Polyphenols are the most abundant bioactive compounds with antioxidant activity, and consist of a wide range of biomolecules, such as simple phenols, phenolic acids, flavonoids, polymeric phenolics, and anthocyanins (Kanellis and Manganaris, 2014). Based on the structure of their basic skeleton, the main phenolic compounds are phenolic acids, flavonoids and anthocyanins (Lima et al., 2014). Phenol-explore database summarizes more than 35,000 content values for 500 different polyphenols in over 400 foods (http://phenol-explorer.eu/). Anthocyanins are vacuolar pigments usually present in the skin of fruits responsible for fruit color in several species (e.g., berries, grape, cherry, pomegranate, plum, apple) giving their characteristic red, blue or purple pigmentation. Other compounds of this category that are less studied in horticultural crops are lignans, stilbenes, tannins, coumarins, and lignins. In line with findings on AsA, landraces and unexplored cultivars accumulate such compounds at high levels providing a valuable tool toward sustainable breeding for the development of nutritionally-enriched cultivars. On the other hand, high concentrations of TPs may result to unpalatable bitter or astringent tastes (Lesschaeve and Noble, 2005) that may or not be related to browning coloration in fruit and vegetables (Cantín et al., 2011; Saeed et al., 2014). In particular, soft fruits (strawberry, blackberry, blueberry, raspberry) are generally characterized by appreciably high antioxidant potential but such fruit cannot be widely available due to short shelf-life or consumption is limited due to undesirable organoleptic characteristics being bitter, sour or astringent (i.e., aronia, cornelian cherry, or hyppophaes) (reviewed in Manganaris et al., 2014).

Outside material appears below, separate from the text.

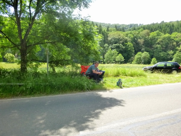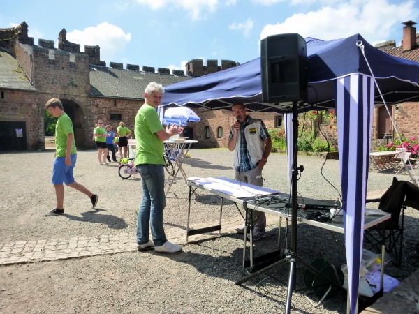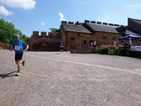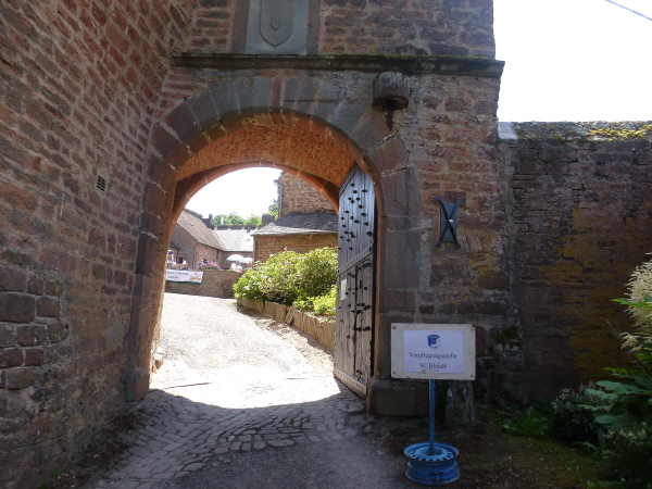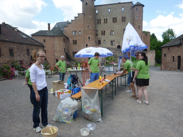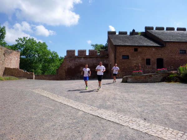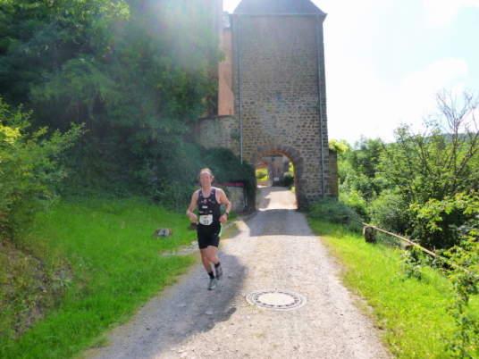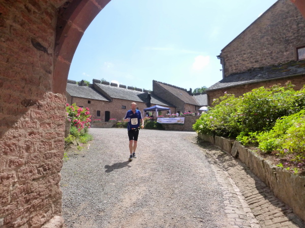 Das ständige Entgegenkommen motiviert mich zügig zu laufen. Die Strafe folgt auf den Fuß. Meine Beine werden schwer. Jetzt halte ich erst einmal an der nächsten VP an. Dort gibt es Bitburger alkoholfrei. Das ist ein Wort. Noch einen Apfelschnitz für unterwegs und gestärkt, sowie etwas langsamer, setze ich meinen Weg fort. Nach einem längeren Stück auf der Straße liegt hinter einer Kurve Schloss Hamm. Schon von Weitem höre ich die Klänge von Dudelsäcken. Im Schlosshof, wo der Halbmarathonstart war, ist es jetzt ruhig. Ein Moderator sagt mich an und an der VP kann ich mir aussuchen, was ich haben möchte. Es gibt auch nochmals Schwämme. Man hätte sie bereits bei der Startnummernausgabe erhalten können, aber ich dachte nicht, dass man sie brauchen würde. Die Sonne brennt mittlerweile aber doch ganz schön. Auf den schattigen Wegen hatte man das gar nicht so gespürt. Ich verzichte trotzdem darauf einen Schwamm mitzunehmen und erfrische mich hier nur kurz.

Apple (Malus × domestica) is the most important temperate fruit crop. Notably, high genetic variability in polyphenolic compounds within apple germplasm exist. Comparing wild germplasm with commercial cultivars, total polyphenolic content was found to vary significantly within Malus sieversii and Malus × domestica germplasm (up to 9-fold in the flesh, and up to 4- in the peel), with the wild genotypes of Malus sieversii generally containing higher concentrations in individual polyphenol groups (Volz and McGhie, 2011). Breeding and germplasm conservation strategies aim to improve polyphenolic for enhancing quality traits related to phenylpropanoid pathway (color, aroma, disease resistance, and browning disorders) of elite modern cultivars (Wojdyło et al., 2008).

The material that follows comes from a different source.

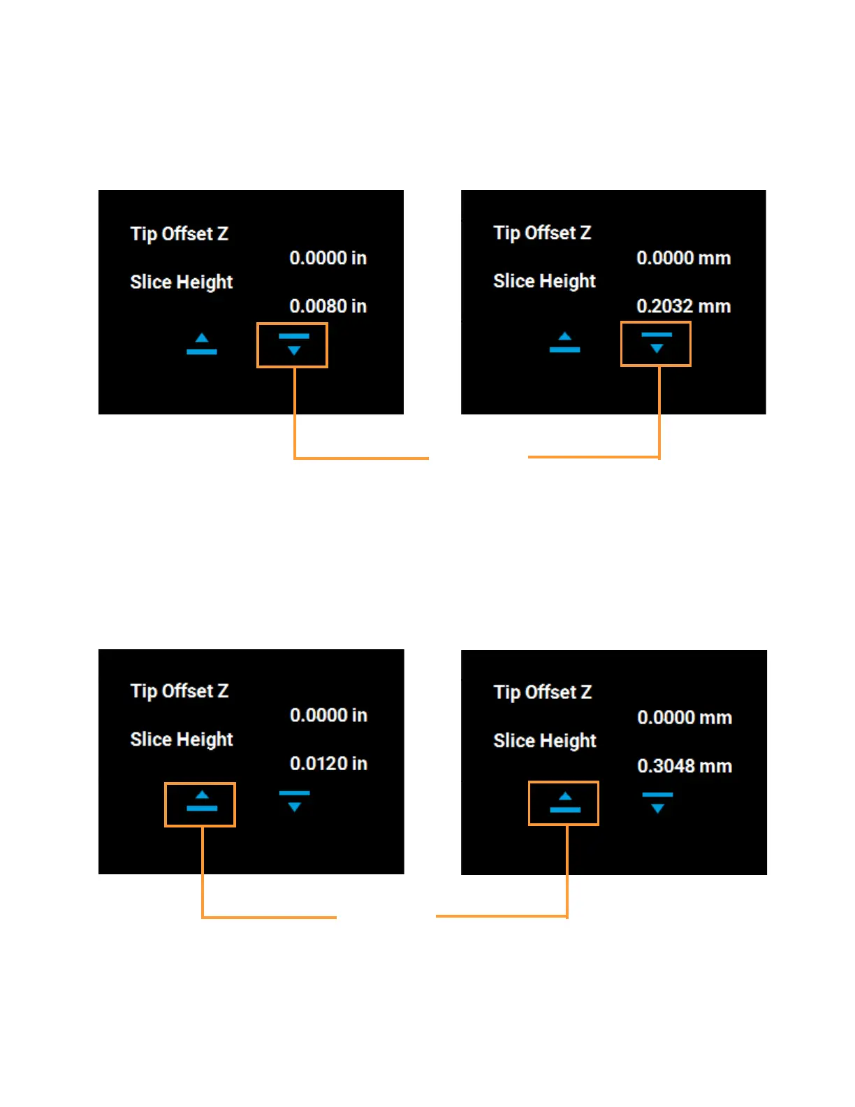• Use the Up button to enter the value obtained in step C if this value is greater than the tip’s slice

The availability of the draft apple genome sequence (Velasco et al., 2010) caused a boost in apple genetics providing new tools for candidate gene detection. Over 50 metabolites, peel- and flesh-related, from the phenylpropanoid pathway were found to collocate with a certain QTL hotspot in linkage group 16, that contains a structural gene of the pathway, leucoanthocyanidin reductase (LAR), indicating that this gene may play a pivotal role in regulating the pathway (Khan et al., 2012). A feedback regulation of proanthocyanidin (PA) biosynthesis has been proposed, according to which low PA levels may enhance the transcription of structural biosynthetic genes of the pathways, such as LAR (Henry-Kirk et al., 2012).

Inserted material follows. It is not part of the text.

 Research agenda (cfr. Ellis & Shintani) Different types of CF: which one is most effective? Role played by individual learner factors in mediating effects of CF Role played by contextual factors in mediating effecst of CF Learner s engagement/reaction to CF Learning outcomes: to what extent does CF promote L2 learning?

Notably, over the last decade, red pigmentation of apples has received considerable attention and new red-fleshed apple cultivars have been released into the market, being considered of higher nutritional value (high anthocyanin levels). Cyanidin 3-O-galactoside is the dominant anthocyanin in both flesh and skin (Volz et al., 2014). Based on recent advances, anthocyanin accumulation can be regulated by three main mechanisms: (1) the anthocyanin biosynthetic pathway, (2) the transcription regulation through the MYB protein that affects anthocyanin biosynthesis during fruit growth and development, and (3) the anthocyanin transport from cytosol where it is synthesized to the vacuole where it is stored (Espley et al., 2009; Hu et al., 2016). Stable QTLs for polyphenolic content have been identified in apples and SNP-derived markers have been developed for polyphenolic-rich cultivars (Chagné et al., 2012, 2016). Using a transgenic/cisgenic approach, the integration of the dominant red-flesh MYB allele of the transcription factor MYB10 resulted in apples with significantly higher levels of foliar, flower and fruit (especially in the peel) anthocyanins in the transgenic red-fleshed apples (Espley et al., 2013).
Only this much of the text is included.